We were booked to go to a New Years rally. The van had been covered with ice but a thaw was just starting. I went out to fill the van with water (it had been drained down in November). Once the tank was full I turned on the pump water shot out from under the cupboards. At the same time I felt a drip of water, looked up, the headlining was soaking wet - I literally cried.

We cancelled going to the rally and sent a very emotional email to Danbury.

I looked in the roof space, there was clearly a leak from the roof vent. I removed the battery and looked behind, a hot water system pipe was disconnected. I presume that it hadn't drained down, had frozen and pushed the connection apart. Danbury always pump the hot water system dry not drain it down but without instructions how was I to know. What it also revealed removing the battery was a absolute mess of wiring. 

Danbury took the vehicle straight in, enlarged the vent aperture, fitted my vent and a new gasket piece (now standard) that allows the Fiamma vent to rest on a flat surface instead of the heavily ribbed top surface of the van. It was failure of thick layers of sealant to cope with temperature variations that caused the leak. They have also insulated the roof (it was just an empty space above the headlining plywood- because one of their installers hadn't liked working with insulation material - no longer employed). Fixed the plumbing and have tidied/hidden the wiring. They also picked up and rectified a number of small wear and tear defects. There was no charge!

So thats where we are now. The Renault is a joy to drive beats hands down the Fiat Ducato that I drive on a daily basis for a charity (better gearbox, braking, acceleration seating position and comfort). 

I still have reservations about the van as designed by Danbury the leisure battery is under the oven, the gas bottle under my pillow, the plumbing is not as straight forward as it might be and I don't have a circuit diagram or manual. Also no cutlery drawer. 

I managed 40 days away since April 05 its been back to Danbury three times (and do you know they have had a different shop foreman on each occasion) It hasn't cost me anything more in money but as for heartache well...............


Regards and thanks for listening


Frank


----------



## 96097 (Aug 22, 2005)

Just so I get it right this time - your story is regarding New Year's eve just gone??  

Terrible story but hopefully all the teething problems have now been sorted and you can enjoy happy carefree motoring!

Sharon


----------



## DABurleigh (May 9, 2005)

Frank,

I hope you now feel better! 

Seriously, a salutary tale, nay, saga.
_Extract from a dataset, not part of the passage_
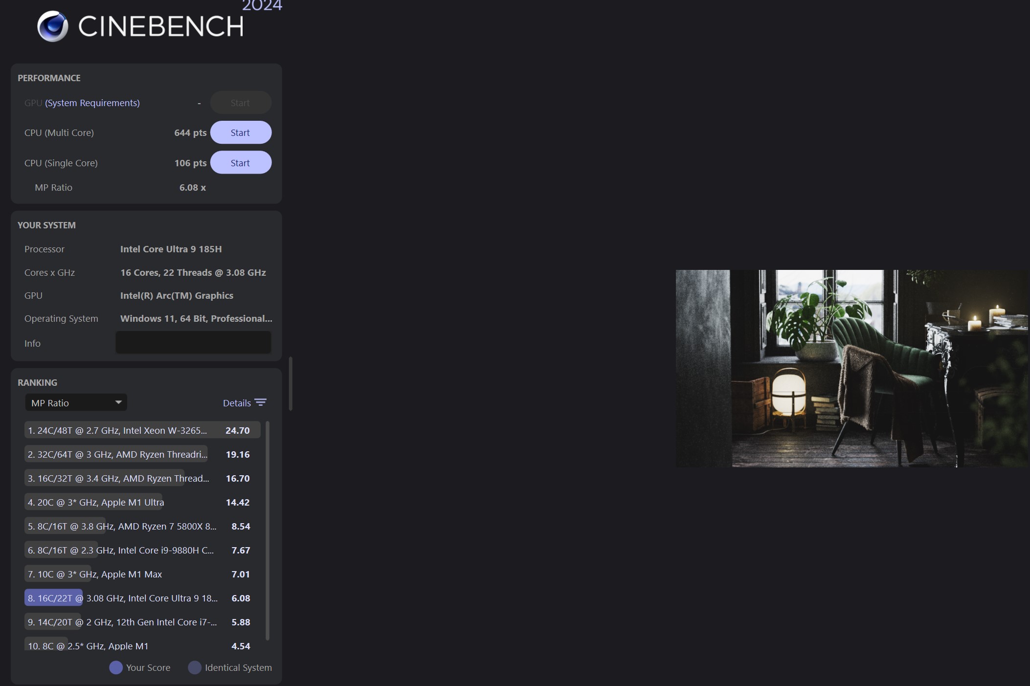 | Prosessor. | Intel Core Ultra 9 185H (opptil 5,1 GHz), 16 (6+8+2) kjerner, 22 tråder, (Meteor Lake) |

It makes me wonder how many of these they have built. Going by your signature ("get it right first time") and your own project manager experience made me wonder whether this firm has been awarded ISO9000 or its subsequent versions.
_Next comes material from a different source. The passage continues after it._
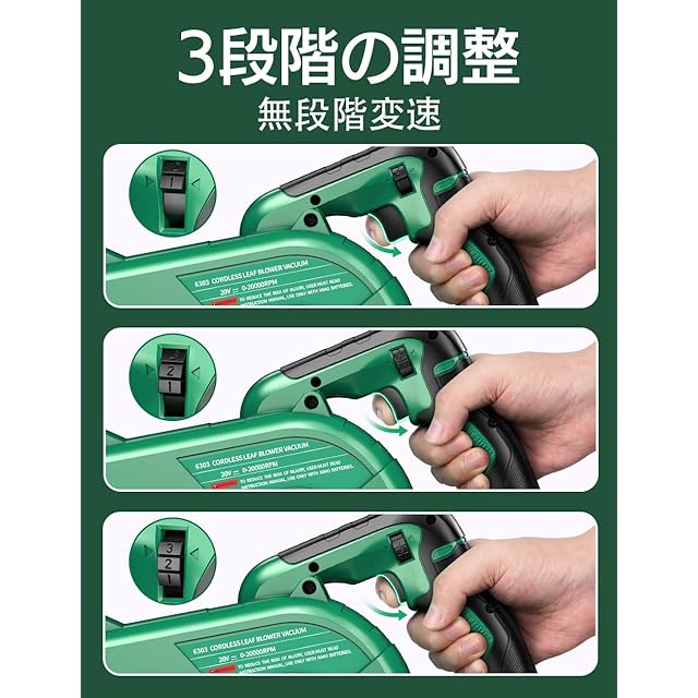 【3速変速調整&優れたバッテリーの持ち】6303ブロアーバージョンでは、既存の無段変速機能に3段階の風速調節機能が追加されました。それにより、異なる速度設定で無段変速が可能となり、より便利に使用することができます。KIMOコードレスブロワーは、20V 2.0Ah*2の大容量リチウムイオンバッテリーを搭載しており、電動工具の高い出力特性に対応した高電力で軽量・コンパクトさを実現しました。

As a minimum, your experience has made a mockery of their claim on their homepage:
"It is because of this engineering background that you will find all the products we supply are of the highest possible quality."
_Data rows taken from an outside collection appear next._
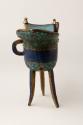 About MeChinese archaic ritual bronzes were made in sets, filled with offerings of food and drink to the ancestors of the past and placed in the tombs of China’s elite. They were made in specific shapes and each shape has a different name. The shape of this bronze ritual wine vessel is called jue and it has a prominent spout and long tripod legs.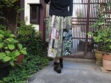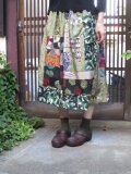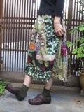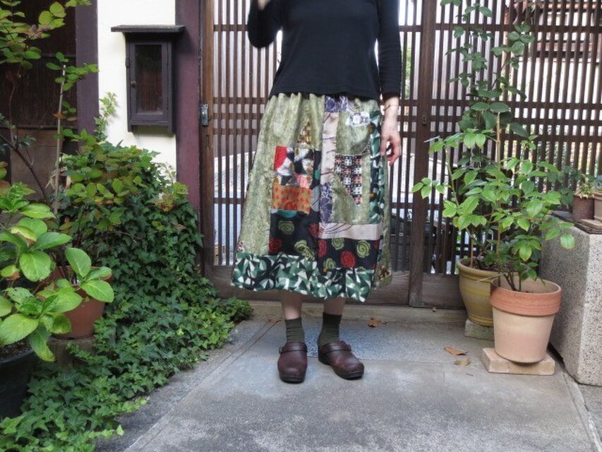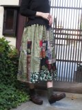 銘仙リメイク☆薄緑に黒&紫&緑系色々粋スカート♪76㎝丈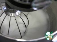 Яичные белки хорошо взбиваем до устойчивых пиков. Добавляем сахарную пудру и взбиваем еще немного.

Your posts are factual about vehicle and dealer, and undoubtedly underplay how you felt about it all (not subject to a claim of libel!), so if you feel you have unfinished business with them, you could do worse than emailing them the weblink to this "Conversion" forum, pointing out MHF's nearly 9000 registered members, predominantly in the UK.

So much about a conversion's end product you can trace to the strategy, ethos and culture of the business. I find it bizarre that insulation was excluded because an employee didn't like working with it.

Dave


----------